** Opening Dataset records block **
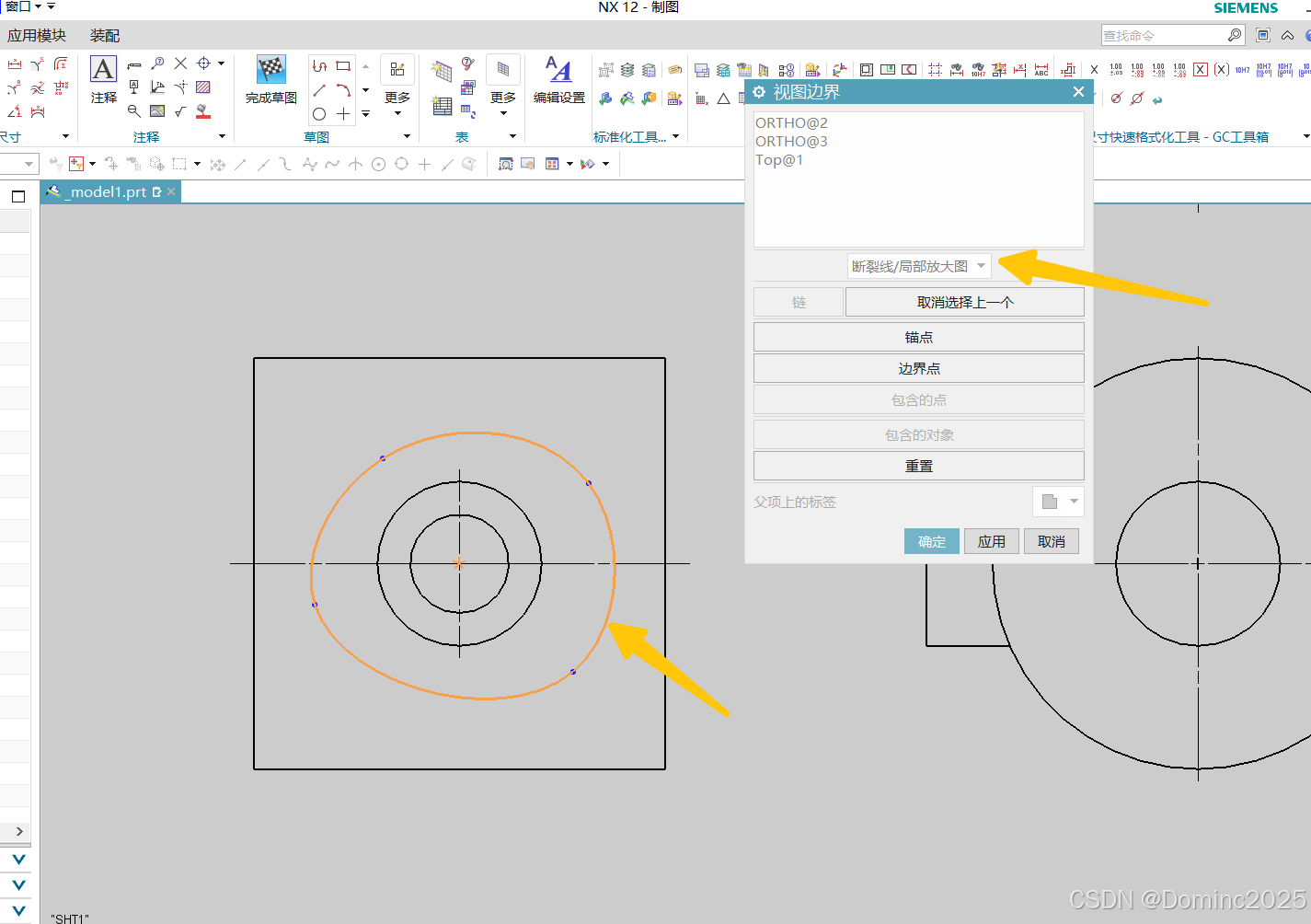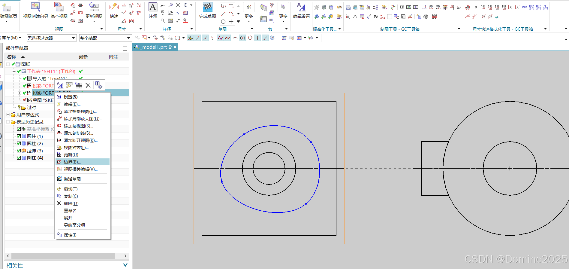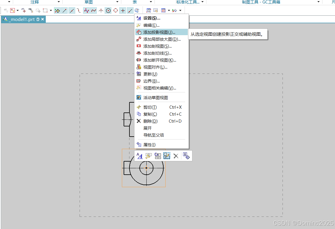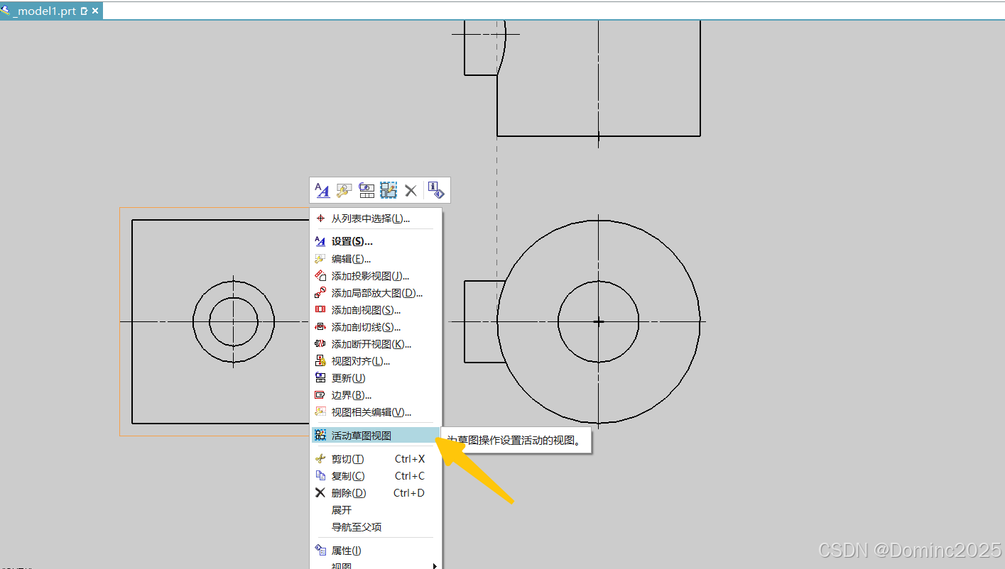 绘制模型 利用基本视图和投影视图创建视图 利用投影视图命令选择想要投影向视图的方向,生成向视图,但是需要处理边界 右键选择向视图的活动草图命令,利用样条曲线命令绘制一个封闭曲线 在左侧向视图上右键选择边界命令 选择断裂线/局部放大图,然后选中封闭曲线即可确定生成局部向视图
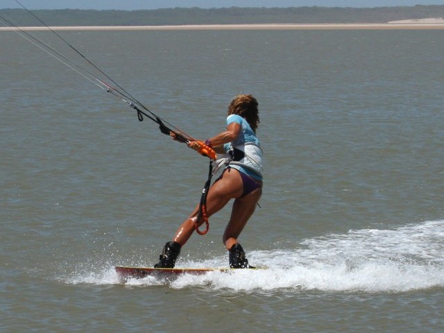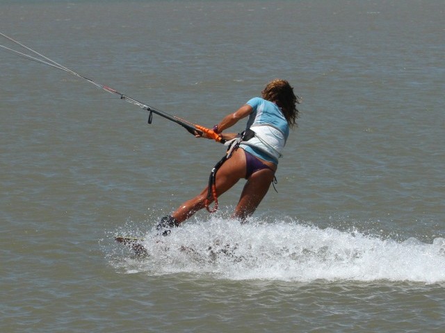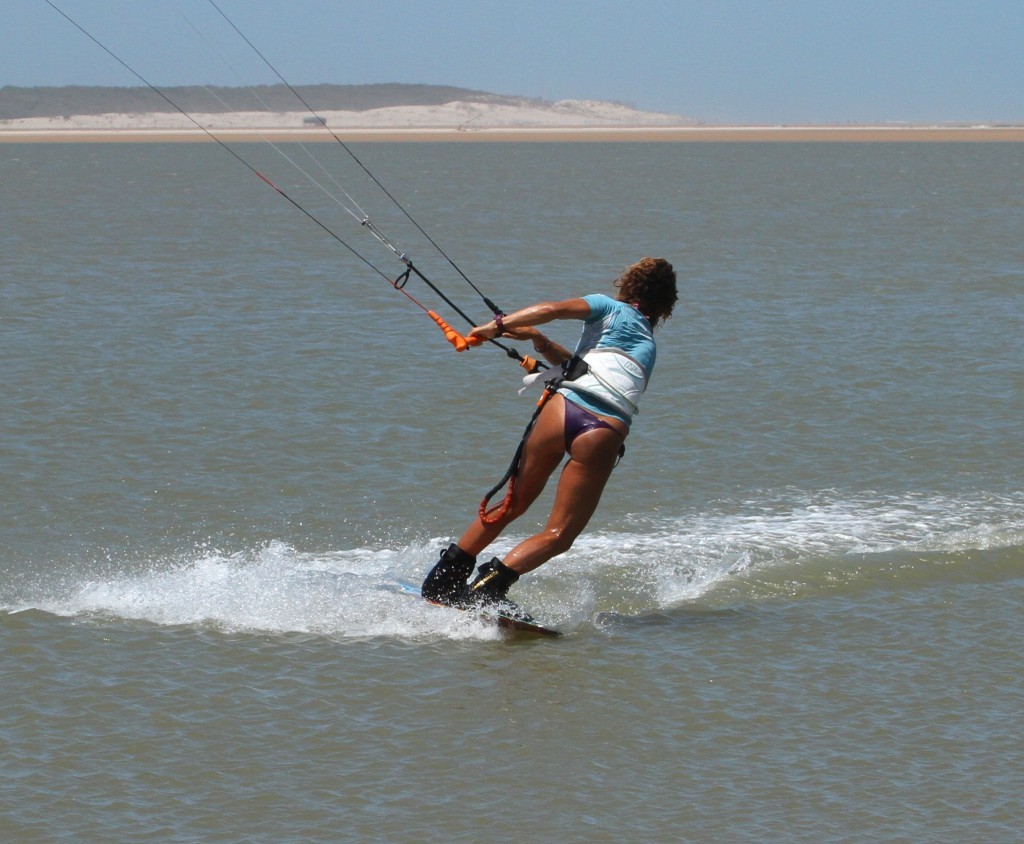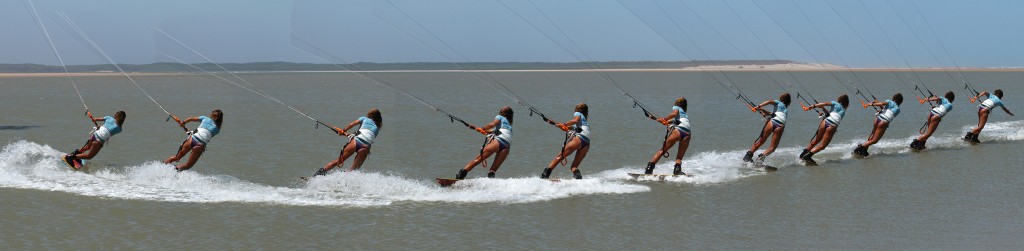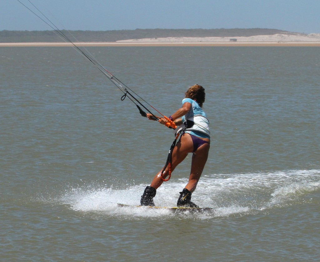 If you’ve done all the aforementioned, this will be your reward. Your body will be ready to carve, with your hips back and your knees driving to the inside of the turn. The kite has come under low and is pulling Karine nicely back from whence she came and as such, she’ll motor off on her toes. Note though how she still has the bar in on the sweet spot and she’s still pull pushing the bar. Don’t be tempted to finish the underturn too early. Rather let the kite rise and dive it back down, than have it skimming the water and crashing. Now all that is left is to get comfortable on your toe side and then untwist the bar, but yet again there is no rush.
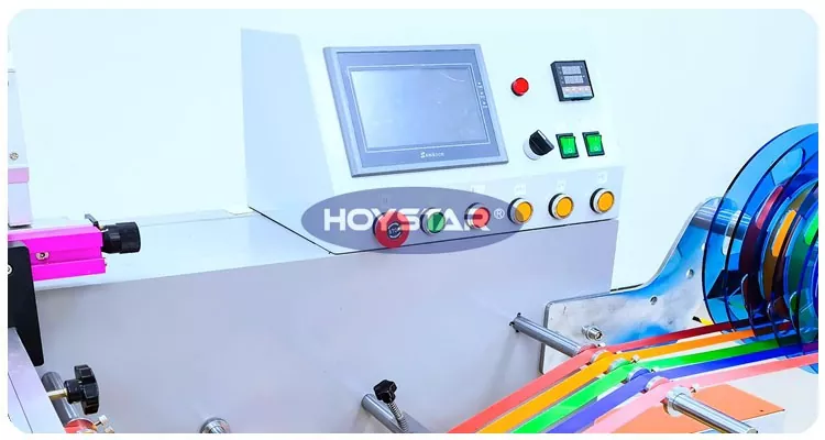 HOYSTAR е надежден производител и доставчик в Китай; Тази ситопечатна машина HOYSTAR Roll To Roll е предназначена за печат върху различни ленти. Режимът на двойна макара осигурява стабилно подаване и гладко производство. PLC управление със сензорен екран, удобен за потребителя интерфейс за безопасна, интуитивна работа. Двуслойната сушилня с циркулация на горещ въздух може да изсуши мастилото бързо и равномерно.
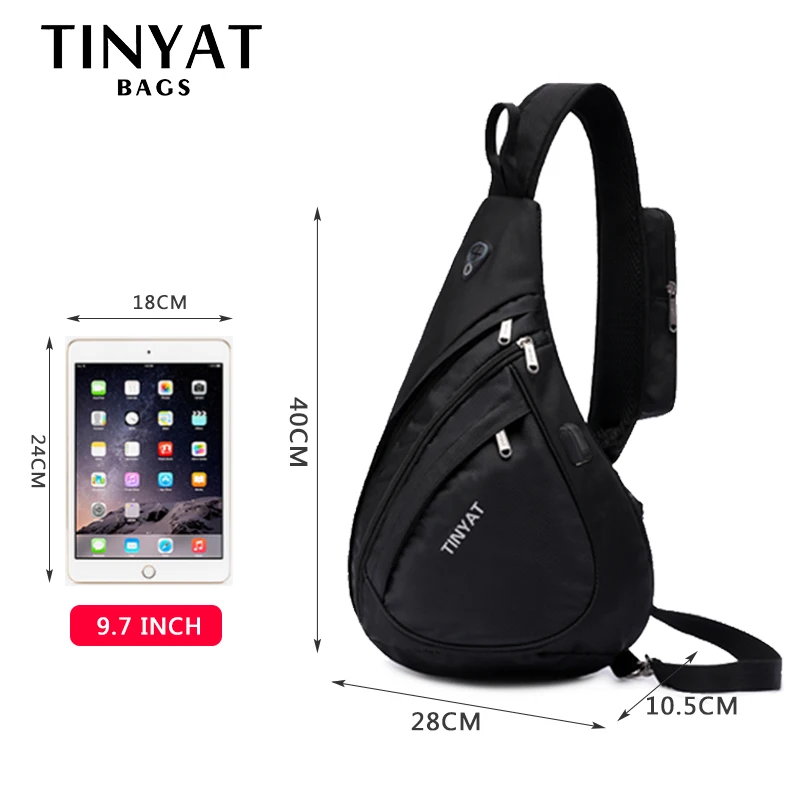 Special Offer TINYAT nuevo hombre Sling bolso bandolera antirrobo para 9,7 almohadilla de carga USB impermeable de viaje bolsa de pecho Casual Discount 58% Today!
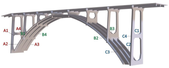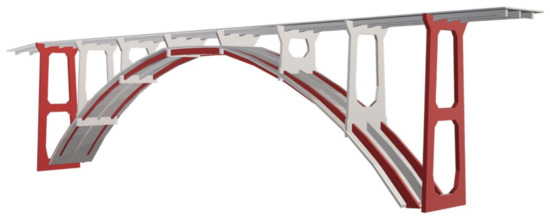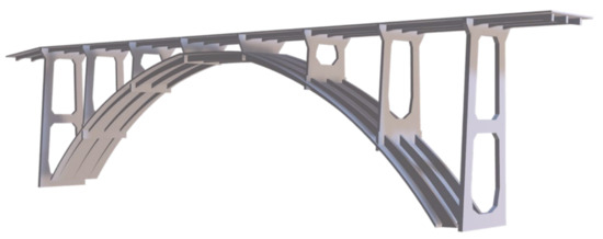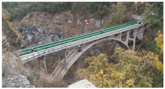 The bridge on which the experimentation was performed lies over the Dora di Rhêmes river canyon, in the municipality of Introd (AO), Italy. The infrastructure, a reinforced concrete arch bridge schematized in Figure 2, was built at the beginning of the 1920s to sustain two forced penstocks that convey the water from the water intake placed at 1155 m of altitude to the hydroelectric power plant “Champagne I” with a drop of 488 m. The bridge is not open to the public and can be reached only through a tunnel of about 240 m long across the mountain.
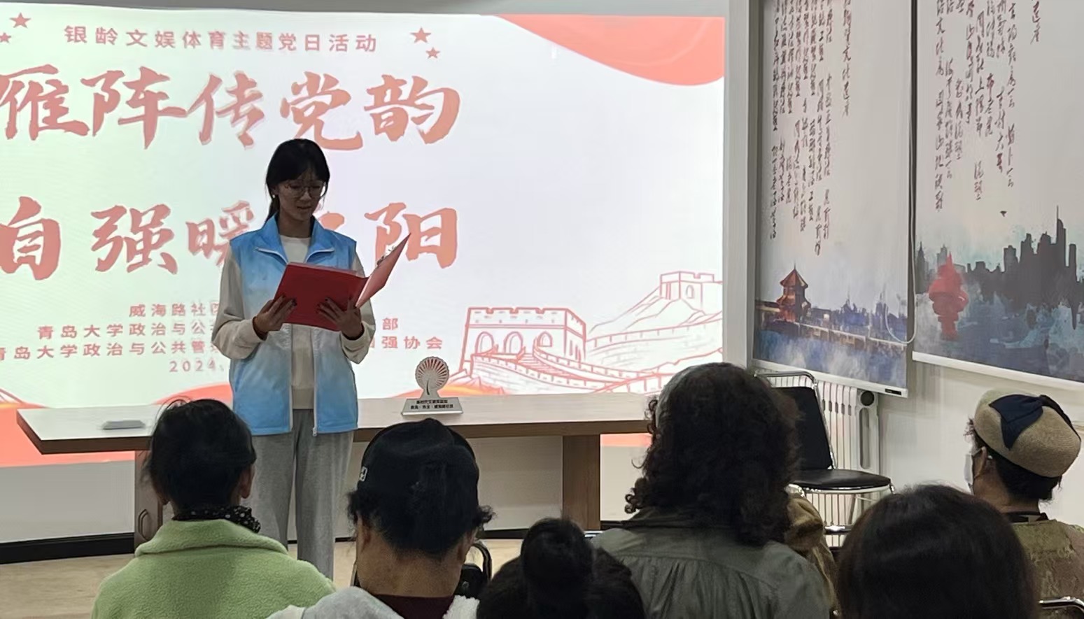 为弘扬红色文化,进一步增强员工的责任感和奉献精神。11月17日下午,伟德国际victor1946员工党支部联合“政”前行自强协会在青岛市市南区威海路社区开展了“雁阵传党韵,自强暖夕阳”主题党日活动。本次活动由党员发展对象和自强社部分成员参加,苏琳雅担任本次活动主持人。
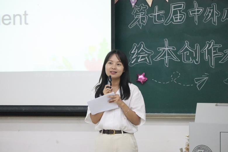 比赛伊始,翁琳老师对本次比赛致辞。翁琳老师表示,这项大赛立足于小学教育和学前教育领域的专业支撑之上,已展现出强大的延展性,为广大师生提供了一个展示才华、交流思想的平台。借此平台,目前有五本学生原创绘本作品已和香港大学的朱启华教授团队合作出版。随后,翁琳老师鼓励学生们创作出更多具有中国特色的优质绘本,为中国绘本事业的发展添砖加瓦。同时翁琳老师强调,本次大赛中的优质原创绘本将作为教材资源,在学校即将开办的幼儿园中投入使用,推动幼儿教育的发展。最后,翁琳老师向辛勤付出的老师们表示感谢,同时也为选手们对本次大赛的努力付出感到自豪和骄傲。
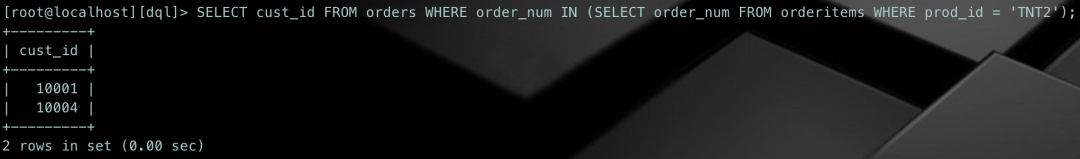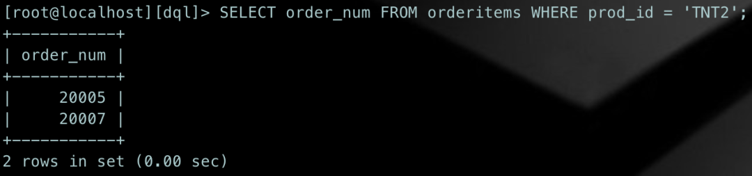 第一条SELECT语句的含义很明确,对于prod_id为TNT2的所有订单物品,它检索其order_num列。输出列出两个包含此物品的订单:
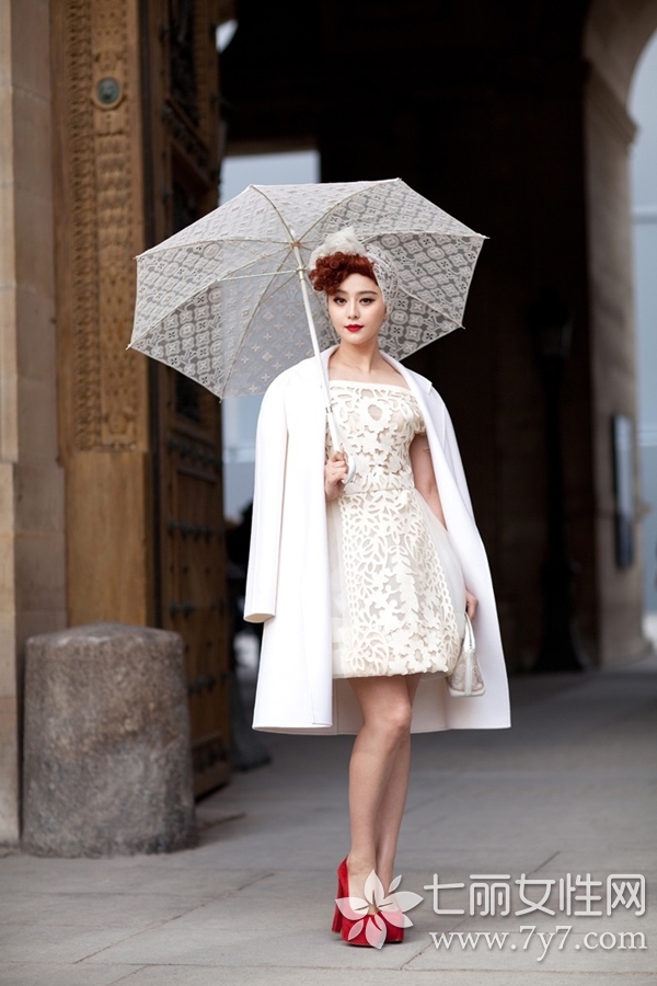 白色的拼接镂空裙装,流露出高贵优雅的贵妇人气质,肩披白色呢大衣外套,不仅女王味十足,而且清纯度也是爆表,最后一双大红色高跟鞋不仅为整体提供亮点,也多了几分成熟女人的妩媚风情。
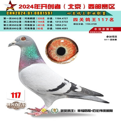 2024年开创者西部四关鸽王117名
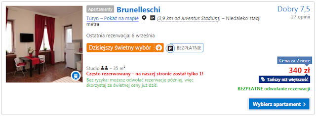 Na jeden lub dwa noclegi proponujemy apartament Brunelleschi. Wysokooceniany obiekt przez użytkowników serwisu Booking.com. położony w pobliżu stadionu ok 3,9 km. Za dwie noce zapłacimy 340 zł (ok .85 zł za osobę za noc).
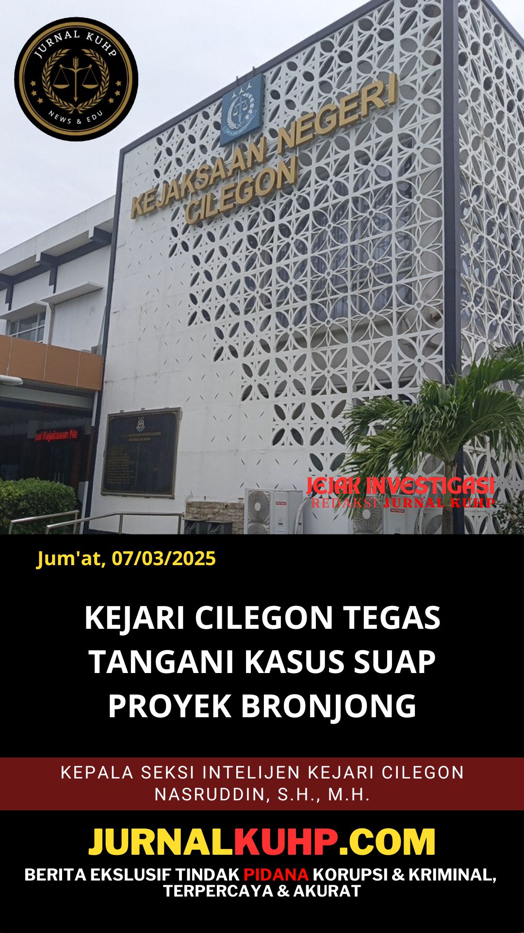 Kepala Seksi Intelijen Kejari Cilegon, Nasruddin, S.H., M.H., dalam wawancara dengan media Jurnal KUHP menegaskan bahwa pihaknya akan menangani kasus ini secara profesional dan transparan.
** Closing Dataset records block **
Exercise description
Extract the lines beginning with the one that contains "白色的拼接镂空裙装,流露出高" and ending with the last line of the listing. Keep them exact and drop the pictures.

Your response
 白色的拼接镂空裙装,流露出高贵优雅的贵妇人气质,肩披白色呢大衣外套,不仅女王味十足,而且清纯度也是爆表,最后一双大红色高跟鞋不仅为整体提供亮点,也多了几分成熟女人的妩媚风情。
 2024年开创者西部四关鸽王117名
 Na jeden lub dwa noclegi proponujemy apartament Brunelleschi. Wysokooceniany obiekt przez użytkowników serwisu Booking.com. położony w pobliżu stadionu ok 3,9 km. Za dwie noce zapłacimy 340 zł (ok .85 zł za osobę za noc).
 Kepala Seksi Intelijen Kejari Cilegon, Nasruddin, S.H., M.H., dalam wawancara dengan media Jurnal KUHP menegaskan bahwa pihaknya akan menangani kasus ini secara profesional dan transparan.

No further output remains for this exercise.